Source material:
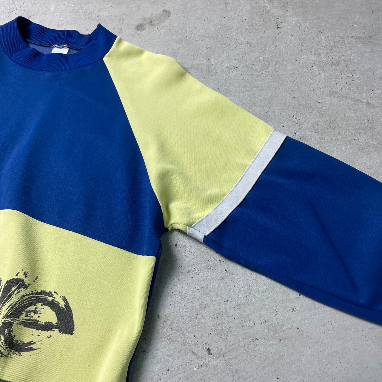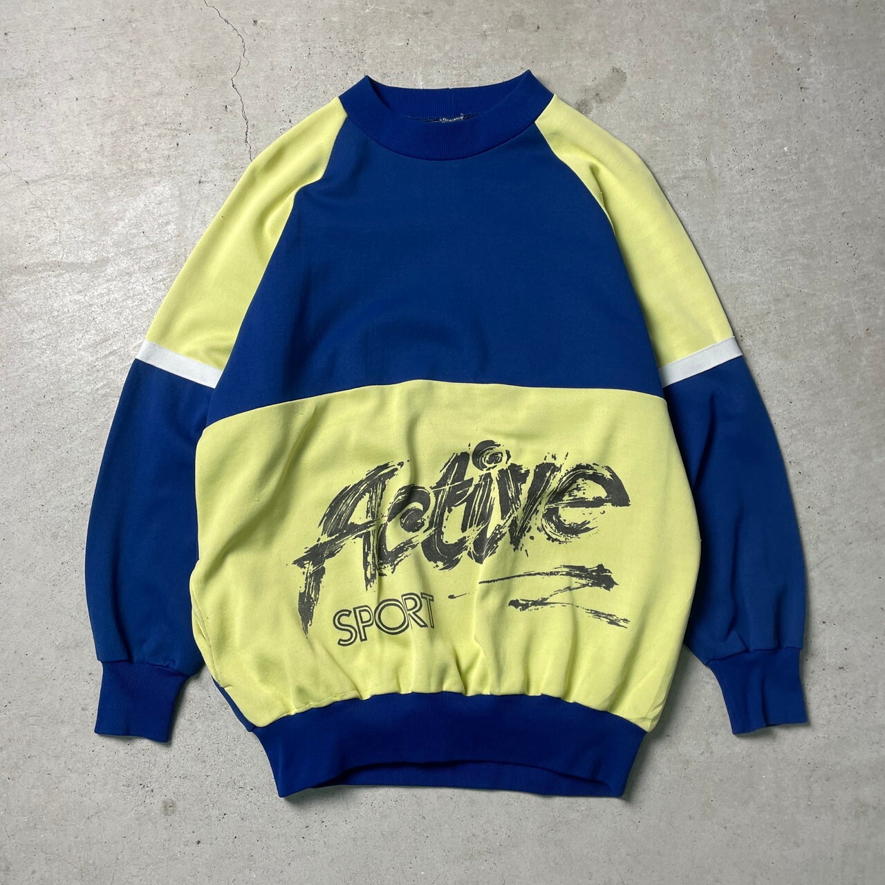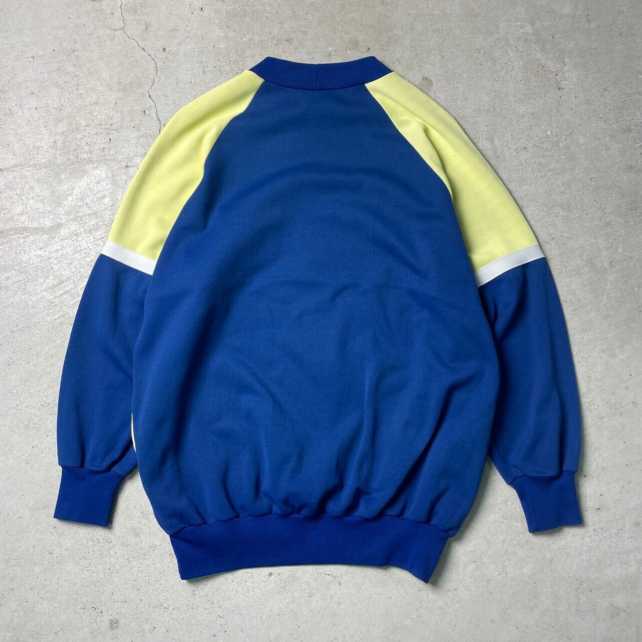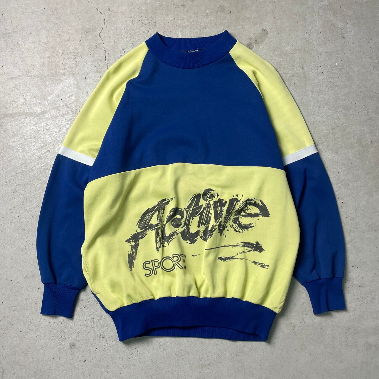 80年代〜 ユーロ ACTIVE SPORT プリント ジャージスウェットシャツ メンズS-M相当 レディース 古着 80s ヴィンテージ ビンテージ トレーナー ハンドポケット付き 切替 ブルー レモンイエロー 青色 黄色 【スウェット】
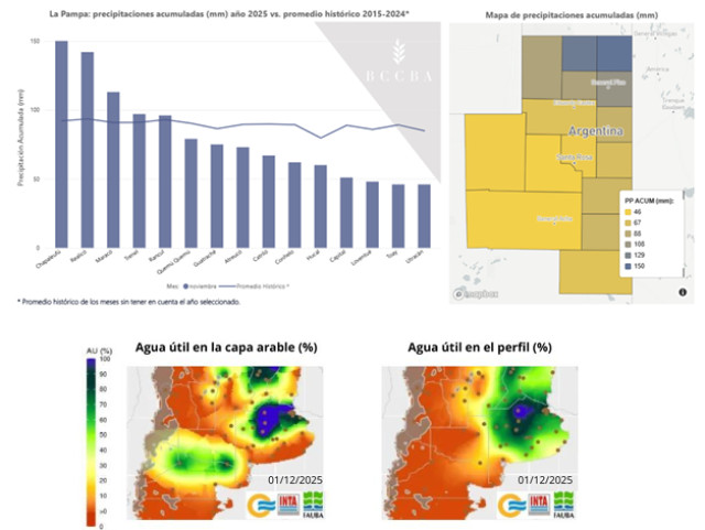Durante noviembre, las precipitaciones fueron inferiores a lo normal en la mayor parte de La Pampa, excepto en los departamentos del norte, donde Chapaleufú y Realicó registraron los mayores acumulados del mes. Este contexto se refleja en una escasa disponibilidad de agua útil tanto en la capa arable como en el perfil.
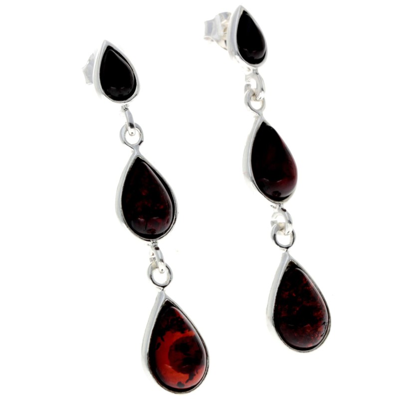 Genuine Cherry Natural Baltic Amber and 925 Sterling Silver Dangly Drop Earrings GL150CH
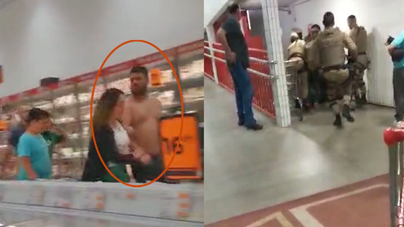 [Vídeo] Homem alterado é preso após agredir policial em supermercado de Chapecó

Required work: Any picture found in the data is to be skipped while the rest is copied exactly.

Response to the task:
 80年代〜 ユーロ ACTIVE SPORT プリント ジャージスウェットシャツ メンズS-M相当 レディース 古着 80s ヴィンテージ ビンテージ トレーナー ハンドポケット付き 切替 ブルー レモンイエロー 青色 黄色 【スウェット】
Durante noviembre, las precipitaciones fueron inferiores a lo normal en la mayor parte de La Pampa, excepto en los departamentos del norte, donde Chapaleufú y Realicó registraron los mayores acumulados del mes. Este contexto se refleja en una escasa disponibilidad de agua útil tanto en la capa arable como en el perfil.
 Genuine Cherry Natural Baltic Amber and 925 Sterling Silver Dangly Drop Earrings GL150CH
 [Vídeo] Homem alterado é preso após agredir policial em supermercado de Chapecó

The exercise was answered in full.